- _GOAL OF THE EXERCISE_
For the records below, print the lines from the line with "രാത്രിസമയത്ത്്് സദര് കാട്ടില്" through the line with "Láhev ve které" exactly as written; include both end lines and exclude the rest.
DATA SECTION section start
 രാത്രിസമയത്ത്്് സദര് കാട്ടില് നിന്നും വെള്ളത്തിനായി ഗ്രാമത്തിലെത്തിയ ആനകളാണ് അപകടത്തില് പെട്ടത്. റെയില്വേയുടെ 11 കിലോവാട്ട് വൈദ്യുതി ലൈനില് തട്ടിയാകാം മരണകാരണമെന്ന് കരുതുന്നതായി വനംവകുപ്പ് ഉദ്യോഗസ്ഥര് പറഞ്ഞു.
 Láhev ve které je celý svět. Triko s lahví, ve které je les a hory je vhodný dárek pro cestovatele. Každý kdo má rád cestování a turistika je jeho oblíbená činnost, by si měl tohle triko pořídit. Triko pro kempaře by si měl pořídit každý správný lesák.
DATA SECTION section end
DATA SECTION section start
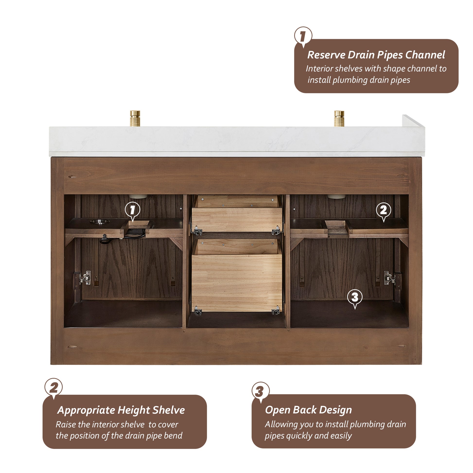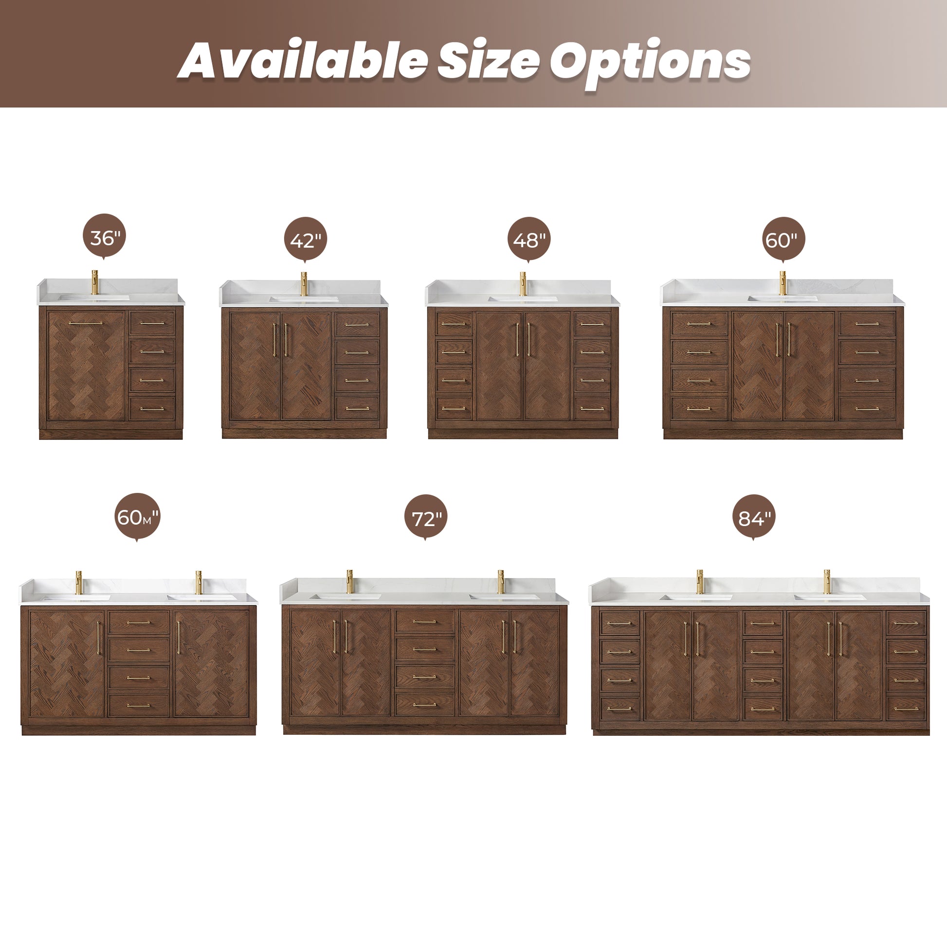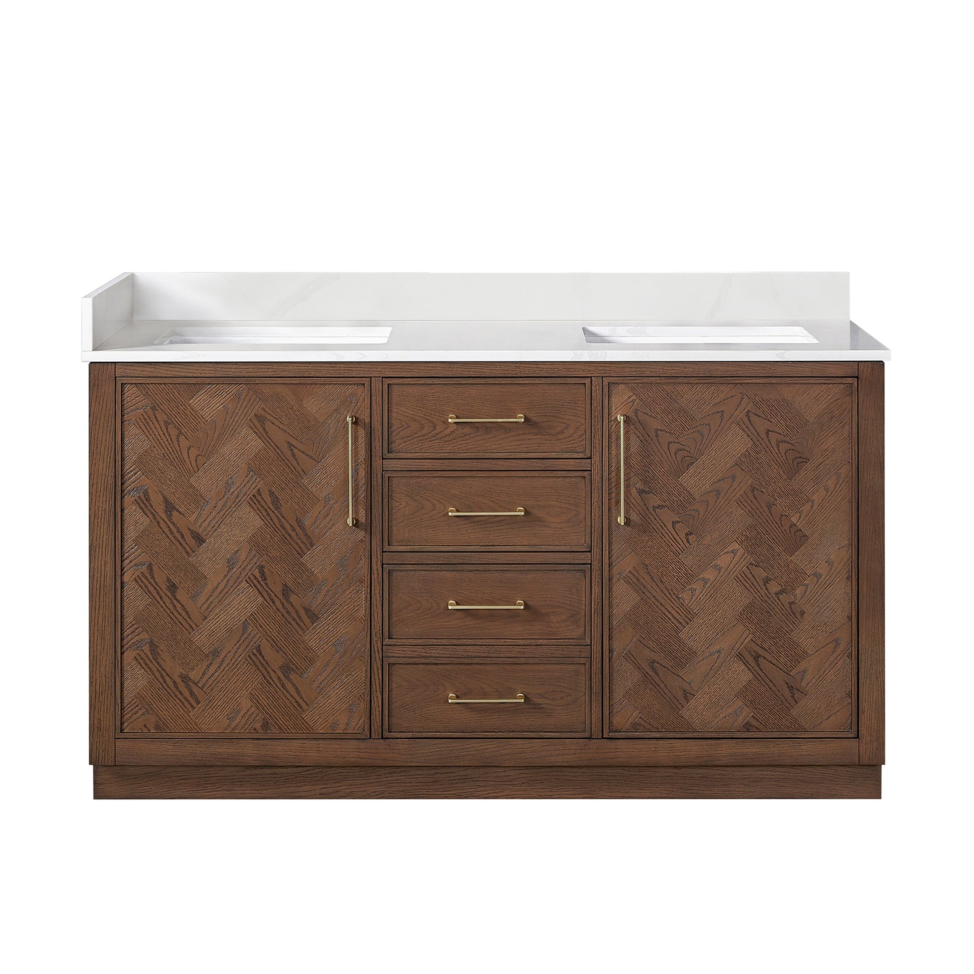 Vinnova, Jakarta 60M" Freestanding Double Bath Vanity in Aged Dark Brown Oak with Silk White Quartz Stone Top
DATA SECTION section end
- _ANSWER FOR THIS EXERCISE_
 രാത്രിസമയത്ത്്് സദര് കാട്ടില് നിന്നും വെള്ളത്തിനായി ഗ്രാമത്തിലെത്തിയ ആനകളാണ് അപകടത്തില് പെട്ടത്. റെയില്വേയുടെ 11 കിലോവാട്ട് വൈദ്യുതി ലൈനില് തട്ടിയാകാം മരണകാരണമെന്ന് കരുതുന്നതായി വനംവകുപ്പ് ഉദ്യോഗസ്ഥര് പറഞ്ഞു.
 Láhev ve které je celý svět. Triko s lahví, ve které je les a hory je vhodný dárek pro cestovatele. Každý kdo má rád cestování a turistika je jeho oblíbená činnost, by si měl tohle triko pořídit. Triko pro kempaře by si měl pořídit každý správný lesák.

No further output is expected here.